Plasma coated 3D printed titanium scaffolds

Plasma coated 3D printed titanium scaffolds

Another project that is now reaching into the pockets of almost every person in the developed world, was about rescuing mobile phones from a looming shortage of an essential element called Indium. This hard-to-mine metal has two essential qualities that make touchscreen technologies possible; it conducts electricity (so your finger can cause a charge that tells your phone which button you're touching), and spread thinly enough, it's transparent, so you can see the phone screen graphics under the Indium.

But there is a problem with Indium. It is mainly produced as a by-product of zinc mining and demand for zinc has been falling to the extent that it's predicted Indium supplies will dwindle within ten years. How will you manage without your mobile phone? Dry your tears. Akhavan and his team have come up with a process, so it won't come to that.

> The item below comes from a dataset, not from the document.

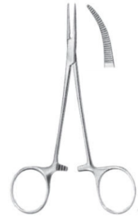
ASI130144 HALSTED-MOSQUITO FORCEPS DEL CVD 125MM

Again, using plasma as the medium, they've sandwiched a layer of silver between two layers of tungsten oxide, bringing the necessary characteristics of transparency and electrical conductivity that Indium previously brought. The thickness of all three layers together is less than 100 nanometres, keeping in mind that a human hair is a comparatively meaty 100,000 nanometres thick.

That Akhavan is a world-leader in the field of surface engineering, has a lot to do with his skill and creativity, but also some credit is due to his businessman father who saw early on his aptitude for science.

"I remember him not letting me go with him to his shop day-to-day," says Akhavan who was born and grew up in Iran. "Dad was afraid I might become attracted to the business life."

My parents weren't scientists, but I think I'm only where I am now because of them.

Dr Behnam Akhavan

Specifically, where Akhavan is right now, is in the University's Faculty of Engineering in the School of Biomedical Engineering. He is also part of a team that includes people who are genuine world-leaders in using biomedical engineering to create life-transforming technologies that would have been unimaginable just a few years ago. One of those technologies is hydrogel-coated, low-rejection medical implants.

The process of surface engineering these enhanced implants (and many of the other surface enhancements that Akhavan has devised) starts with a vacuum chamber being filled with nitrogen gas at low pressure. An electrical charge causes the nitrogen electrons to break away from their atoms putting the nitrogen gas into a plasma state, so it is ready to be used for what researchers like Akhavan call 'surface activation'.

The thing about plasma that makes it effective for surface activation, is that the mix of freewheeling charged particles makes plasma hyper-active. Place, say, a piece of polymer (like epoxy, polyester, Teflon, silk or wool) in the chamber and the plasma particles will collide with the polymer so powerfully that individual carbon atoms in the polymer will be dislodged, creating lone electrons in the structure of the polymer so the polymer itself becomes highly reactive.

A polymeric surface activated in this way becomes like sticky tape for various substances, including hydrogels.

The result is a hydrogel-attracting surface suitable for implants used in cartilage and bone repairs, artificial nerves and blood vessels. This break-through process also has uses in aeronautics, microelectronics, and other areas of medicine.

An added bonus for Akhavan, who is an avid hiker and lover of natural places ("It's what I live for, basically."), is the environmentally friendly nature of much of the work he does with plasma technologies.

"It's a truly a green technique", he says enthusiastically. "Whether your goal is activating the surface of an implantable device for attaching hydrogel or making absorbents for water purification, the one-step process happens in typically less than a few minutes, at room temperature, with no toxic acids or other chemicals and it produces literally no waste."